The Alcohol and Gaming Commission of Ontario (AGCO) has penalized licensed Ontario iGaming operators before, but never quite like this.
The $350,000 fine that the AGCO handed to FanDuel last week in relation to several weeks’ worth of suspicious betting activity on Czech table tennis in 2024 was noteworthy for two reasons.
Firstly, it is believed to be the largest fine ever doled out to an online gaming operator by the government agency since Ontario launched regulated online gambling in April 2022. It’s the same as the fine that Great Canadian Entertainment received after an electronic dance music event at a Toronto casino ended in alleged assaults, overdoses and “acts of public indecency.”
Secondly, while past iGaming fines have focused on violations such as advertising infractions or player protection failures, the AGCO has never issued one for this reason before.
“Yes, this is the first time penalties have been issued with respect to integrity failures,” AGCO Chief Operating Officer Dave Phillips told Canadian Gaming Business after the fine was announced. “One of our top goals at the AGCO is to ensure that sportsbooks in Ontario are not compromised by fixers and by insiders. And another is to ensure that we are contributing to the global fight against match-fixing and to ensure that the integrity of sport is protected.”
Not a new issue, but a heightened concern
AGCO has addressed sporting integrity before. In December 2022, when Ontario’s market was just eight months old, it banned bets on UFC events after it found that the UFC did not prohibit all insiders from betting on its events amid public allegations of compromised integrity. The AGCO lifted the ban a few weeks later when the UFC announced measures to address the issue.
In 2024, the AGCO ordered sportsbooks to stop offering betting markets on World Boxing Association events, citing an investigation’s findings that the WBA was vulnerable to insider betting and match-fixing.
Sports scandals existed before North American governments began regulating online wagering. But scrutiny on sports’ relationship with betting has intensified greatly in the last couple of years.
The event that ratcheted things up a notch had strong Canadian ties, too, as then-Toronto Raptor Jontay Porter was ultimately found guilty of manipulating his own performances for the purposes of profiting from bets on individual prop wagers. Since then, the NBA, MLB, and U.S. college sports have all had their own high-profile, damaging betting-related scandals.

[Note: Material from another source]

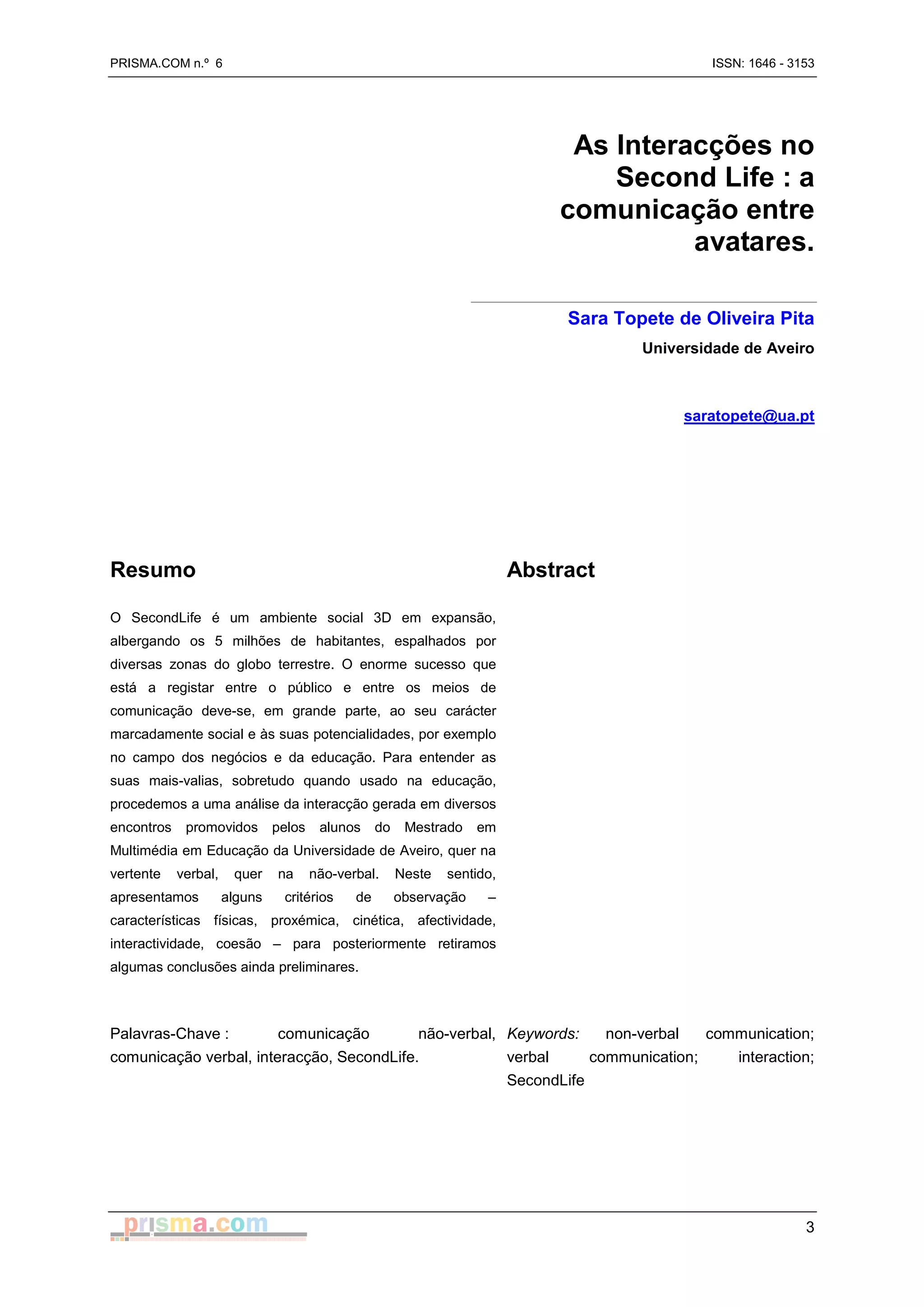 1) O documento descreve uma análise da interação entre avatares no Second Life, incluindo comunicação verbal e não-verbal.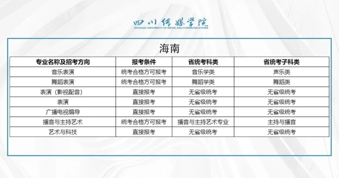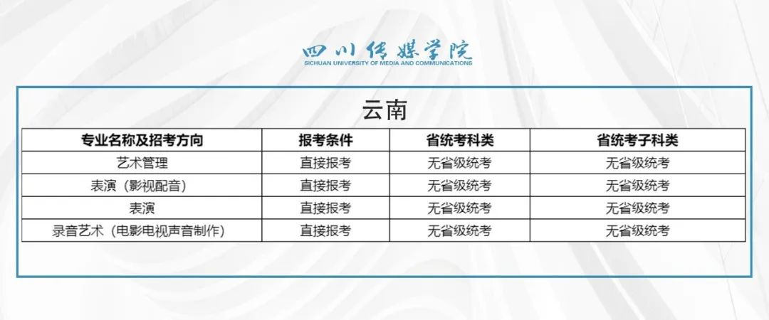 3.艺术类省级统考未涵盖的校考专业,考生可直接报名参加学校艺术类专业校考;

Ontario’s walls must stay up, says AGCO
Amid it all, Canada’s federal government published a Sport Integrity Framework and formed an International Workgroup on Integrity in Sport in late 2024, highlighting sports betting as an issue that may threaten athlete safety and sporting integrity. Phillips and his AGCO colleague Doug Hood also spoke at the annual Council of Europe Macolin Community Conference last April on how Ontario gaming stakeholders must work together to combat the issue.

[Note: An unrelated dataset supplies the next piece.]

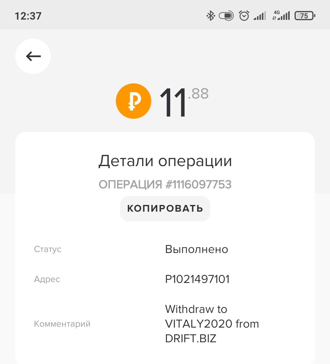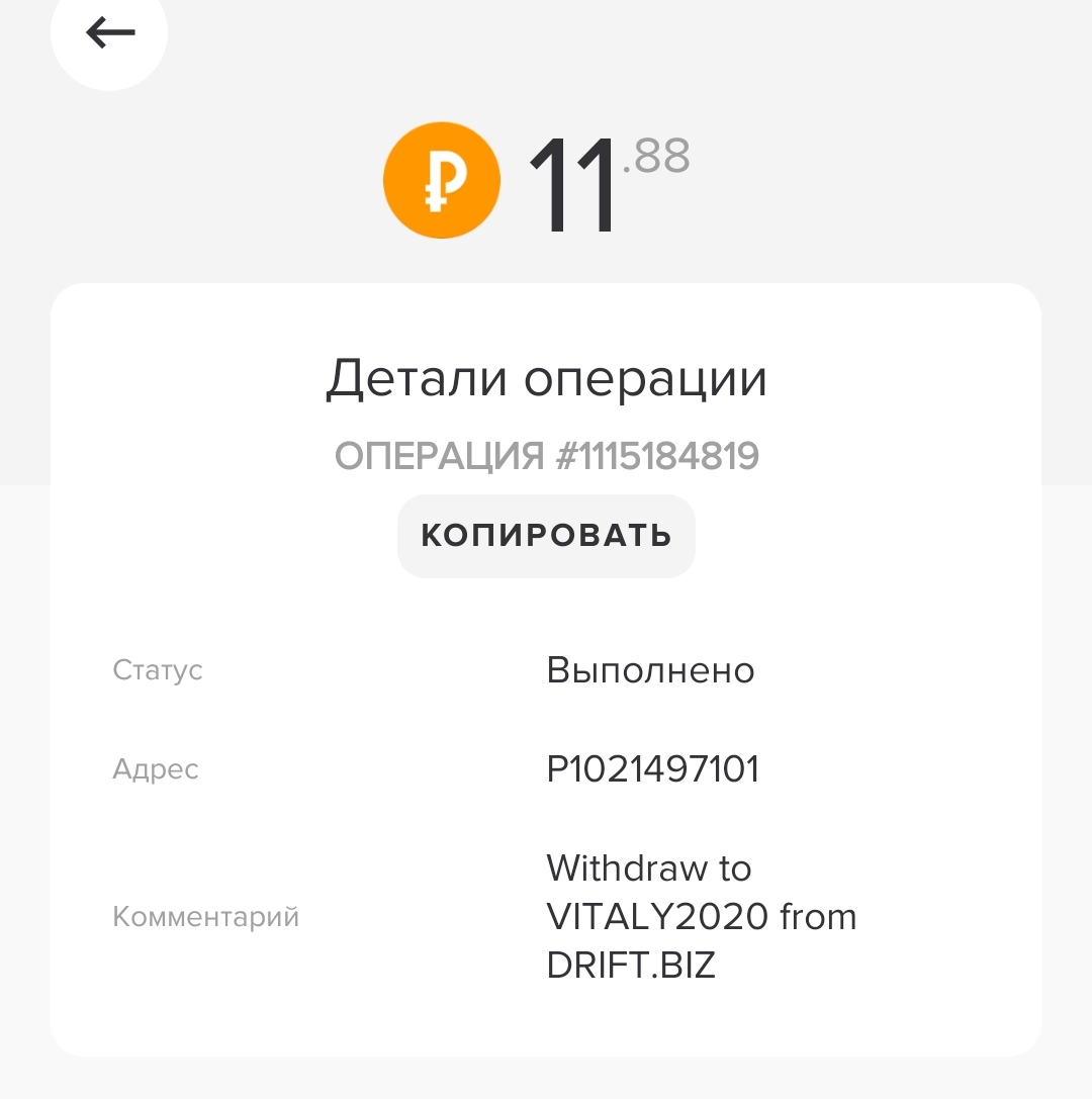 Comment: Amount: 50.00 RUB Withdraw from DRIFT.BIZ

The AGCO’s fine of FanDuel signals how seriously the AGCO is taking the issue, said Phillips.
“The reality is that sportsbooks are the first line of defence,” Phillips added. “They have the data and the ability to monitor wagering in real time. When that line of defence breaks down, that’s not okay, and that’s ultimately why we’re pursuing this enforcement action.”
Phillips noted that, between them, AGCO and iGaming Ontario have strict rules in place around monitoring, including that licensed operators must work with an independent integrity monitor to track activity in real time. There are also stringent requirements around reporting instances of suspicious betting, something on which the regulator’s displeasure with FanDuel focused.
In a statement responding to the AGCO fine, FanDuel argued that the strength of its integrity monitoring program allowed it to proactively identify, investigate and report the suspicious activity to integrity monitors. The operator did not disclose which monitoring firm was involved, but FanDuel is a member of the International Betting Integrity Association (IBIA), along with DraftKings, bet365, BetMGM co-parent Entain, Betway and other recognizable names from Ontario’s iGaming market.
A network of safety nets
Phillips said he was not in a position to confirm how exactly the 144 bets on Czech table tennis on FanDuel over five weeks in late 2024 were flagged as potential match-fixing. But he did note that monitoring firms such as IBIA and Integrity Compliance 360 are a key avenue and played an integral role in exposing the recent U.S. major-league sports betting scandals.
The AGCO also gets alerts from operators, leagues, other regulatory bodies or police intelligence, said Phillips. The Ontario Provincial Police Investigation and Enforcement Bureau (IEB), embedded within the AGCO, launched a criminal investigation into the Porter incident and confirmed to Canadian Gaming Business that it has done so again here. FanDuel retains the right to appeal until late January.
In the meantime, from Phillips’ perspective, the key point is that operators and other stakeholders should know that sports and betting integrity are top of mind for Ontario’s regulator.
“The fine certainly is a representation and a reflection of the fact that the AGCO is dedicating considerable resources to this,” he said. “We have a dedicated sports betting integrity team that works every single day with various partners to ensure that controls are in place and that information is being effectively disseminated so that these investigations can take place.”